Anyway, as recompense for leading us all astray, I present a piece from the Selcuk University site, in their Arts and Culture guide which I translate as well as I am able, being open to correction from native, or just better, Turkish speakers. It doesn't deal with the etymology of Tulu but is seems pretty clear on the kinds of materials in use. The author, melek hidayetoğlu, could presumably be contacted for sources etc.


In weaving rugs on looms, a large majority of mats using the natural colours of Angora goat’s wool and sheep’s wool, with warp and weft yarn of wool, pile(knot) wool generally called ‘filik’ from the Angora, with knot rows sparsely spaced, with a long pile height, soft, and with coarse weave, are called ‘tülü’.

In Konya, Karapınar, Obruk, Ankara, Yozgat, Kırşehir, Sivas, Malatya, Van, Mut and Adıyaman, as well as being popular in Central Anatolia, a good quantity of weavings are produced, of those we traditionally weave, and are popular. And, in Anatolia, names like geve, hopan, tülüce, filikli are given to ‘tülü’s.

In making ‘tülü’s, usually natural colours are used. Sometimes, they are dyed with a variety of colours; yarns hand made of wool, Angora and camel are used. The ‘tülü’s combed, spun and dyed weft threads, and the warp and pile yarn, are created. The wool yarn used in weaving the ‘tülü’ is produced from local people’s sheep, and is handmade with the shorn wool. The ‘tülü’ rug is woven by three different techniques; the knotted ‘tülü’, the ‘yamçı tülü’ and the ‘çekki’ tülü.

The ‘yamçı tülü’ is predominantly made preserving the original length of the hair of the Angora, without combing. And the ‘yamçı tülü’ knot yarn for use has the appearance of sheep’s fleece. Taking a handful of Angora, and wefting(?) in the Turkish knot style over two warps, the knot rows are created(?). Between each (knot row?)15 and 30 wefts are shot. Weft and warp yarns are wool. Also, for ‘yamçı tülü’ mostly white, red, green or blue dyes are used. Generally, a single colour, with no decoration, is woven, created with vertical lines placed haphazard and worked up with square designs. It is the young girls’ dowry rug and takes its place at their side as a protection against the cold, its purpose being as a hanging on the house walls. In other circumstances, in the past, it covered over the backs and tails of riding horses.

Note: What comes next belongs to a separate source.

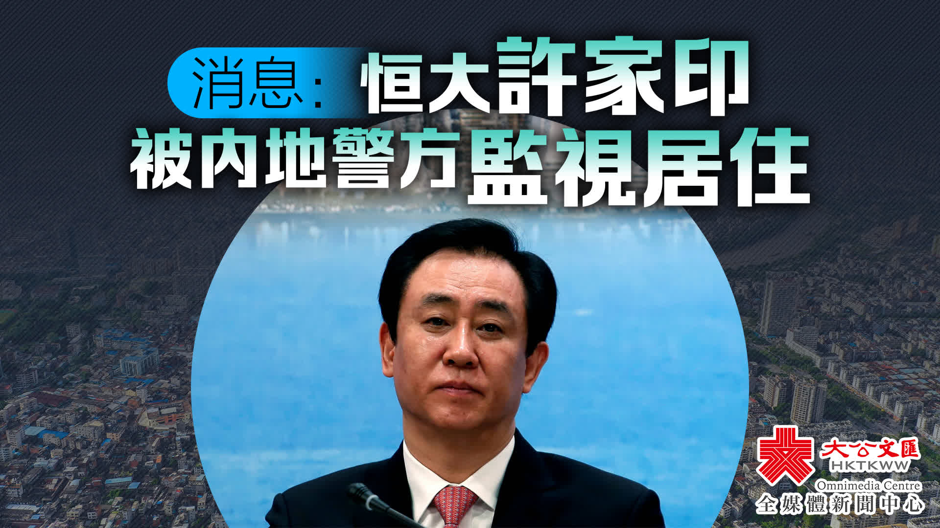 大公文匯全媒體報道,據彭博社引述知情人士指出,債台高築的內地地產開發商恒大集團主席許家印已被內地警方監視居住中。
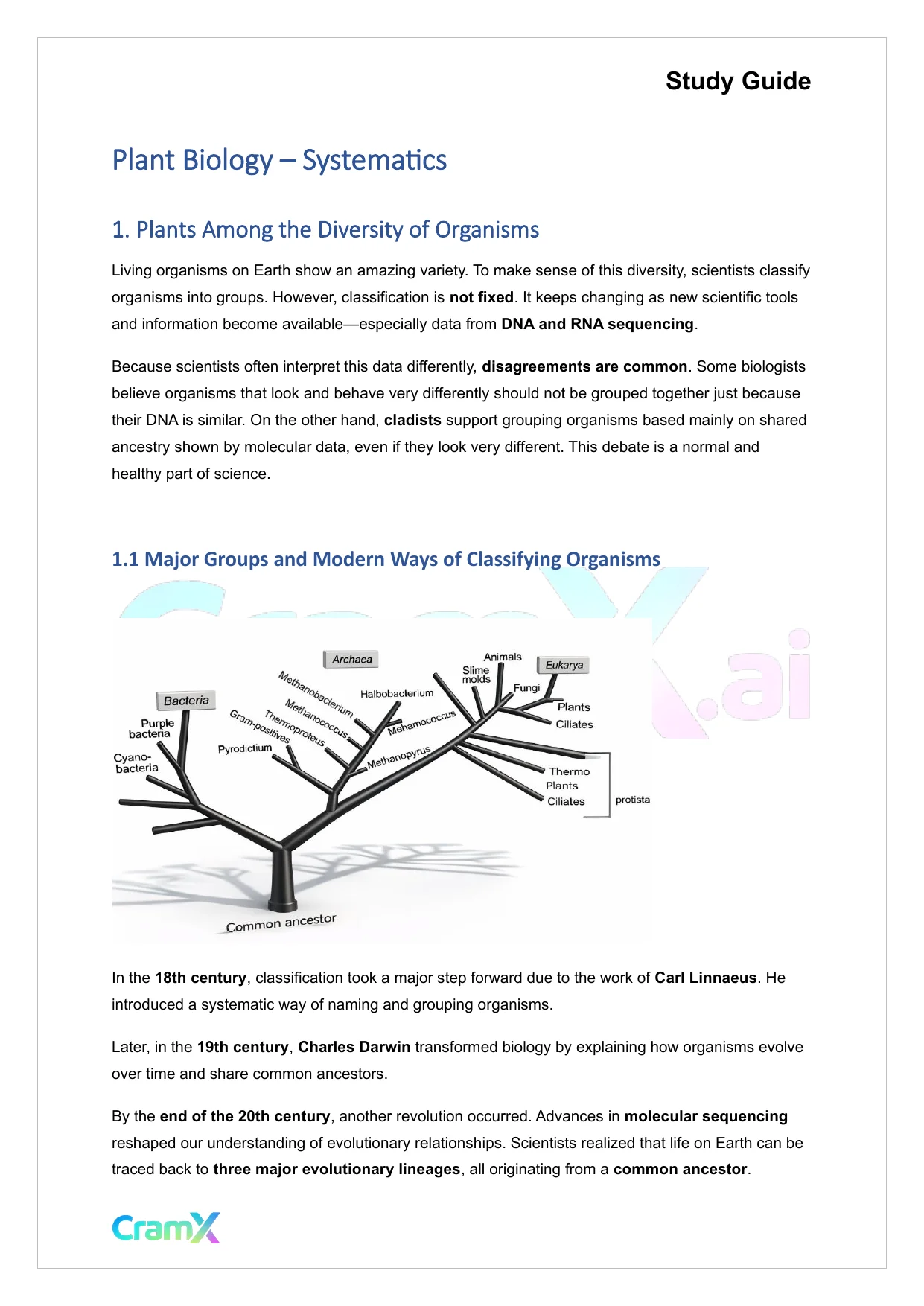 This document provides study materials related to Plant Biology - Systematics. It may include explanations, summarized notes, examples, or practice questions designed to help students understand key concepts and review important topics covered in their coursework.

Knotted ‘tülü’s are woven working up the rug with combed and spun yarn, wool and Angora, using the Turkish knot technique. As the knife is not used too much on the rug, the knot yarn is left in place and the pile varies from 1 to 6 cm in length. After every knot row, 2 to 5 rows of weft yarn are passed over. In this way, ‘tülü’s are created which are called for in every part of the house; being used as beds, dowry, chair covers, couch covers.

The ‘çekki tülü’ differs most from other ‘tülü’s in being without knots. Its loops are left formed by the passing of the weft yarn, pulling it with the help of a crochet hook, between the warps. The pile is 2 to 4 cm long and after every 2 to 5 rows, the weft yarn row being bypassed, it is tightened(?). ‘Tülü’s woven using this technique differ in appearance from handmade knotted ones on account of the closed pile ends.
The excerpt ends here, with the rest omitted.